_THE TASK_
Repeat, exactly as they appear, the lines from the one with "U organizaciji Općine" through the last line of the entries below, but none of the pictures.

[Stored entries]
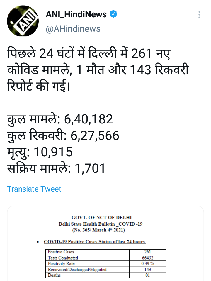 दिल्लीत मागील 24 तासात 261 नव्या कोरोना रुग्णांची नोंद झाली. तर एकाचा मृत्यू झाला. त्यामुळे दिल्लीतील कोरोना बाधितांची एकूण संख्या 6 लाख 40 हजार 182 वर पोहचली आहे. यामधील 1,701 रुग्णांवर विविध रुग्णालयात उपचार सुरू आहेत.
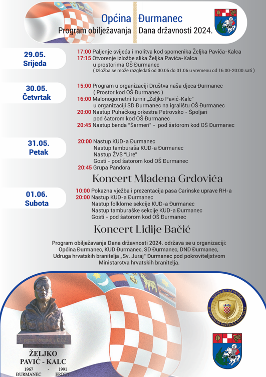 U organizaciji Općine Đurmanec a pod pokroviteljstvom Ministarstva hrvatskih branitelja nizom događaja od srijede do subote, od 29.05. do 01.06., obilježit će se Dan državnosti.
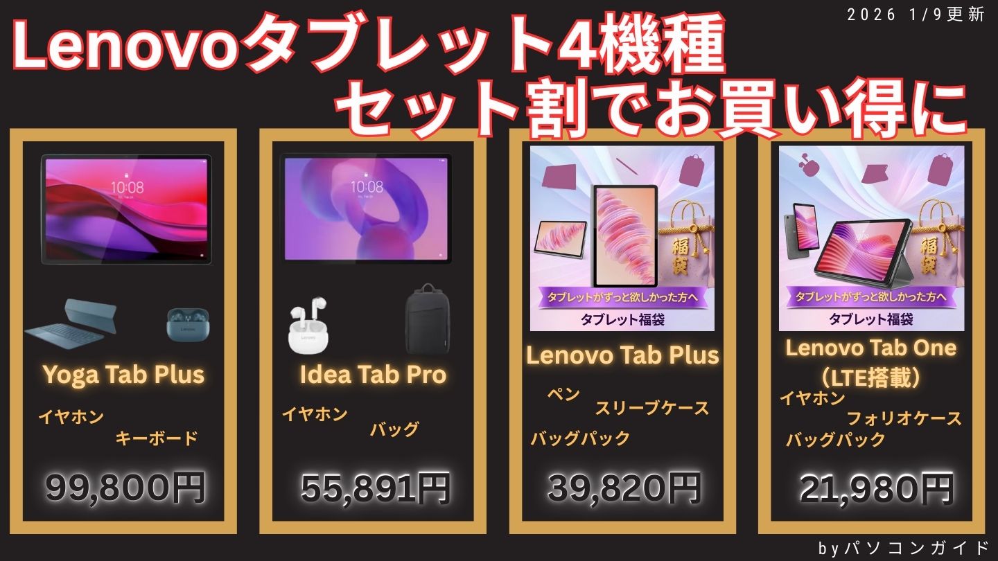 Lenovoは1月15日まで年末年始セールを開催中で、PCや周辺機器が割引中です。タブレットは1/15までの福袋や、期間が記載されていませんがいくつかの機種が割引になっているのでご紹介します。
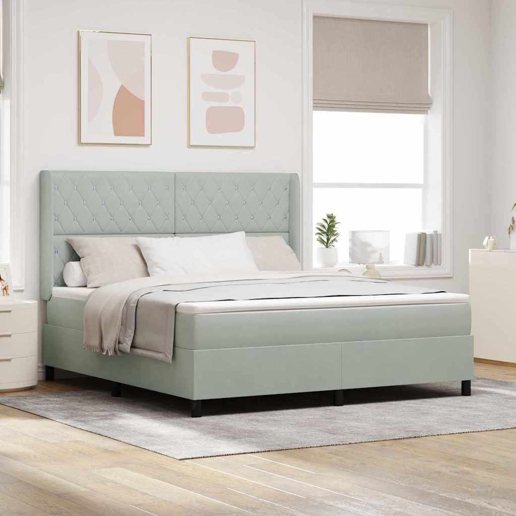 vidaXL LED Boxspringbett mit Matratze Hellgrau 180 x 200 cm Samt
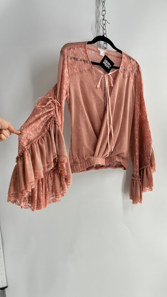 Vintage VENUS Blush Pink Lace Blouse with Voluminous Multi-Layer Bell Sleeves (Medium)Regular price $38.00Regular priceUnit price per$68.00Sale price $38.00Sold out

_SOLVED PROBLEM_
 U organizaciji Općine Đurmanec a pod pokroviteljstvom Ministarstva hrvatskih branitelja nizom događaja od srijede do subote, od 29.05. do 01.06., obilježit će se Dan državnosti.
 Lenovoは1月15日まで年末年始セールを開催中で、PCや周辺機器が割引中です。タブレットは1/15までの福袋や、期間が記載されていませんがいくつかの機種が割引になっているのでご紹介します。
 vidaXL LED Boxspringbett mit Matratze Hellgrau 180 x 200 cm Samt
 Vintage VENUS Blush Pink Lace Blouse with Voluminous Multi-Layer Bell Sleeves (Medium)Regular price $38.00Regular priceUnit price per$68.00Sale price $38.00Sold out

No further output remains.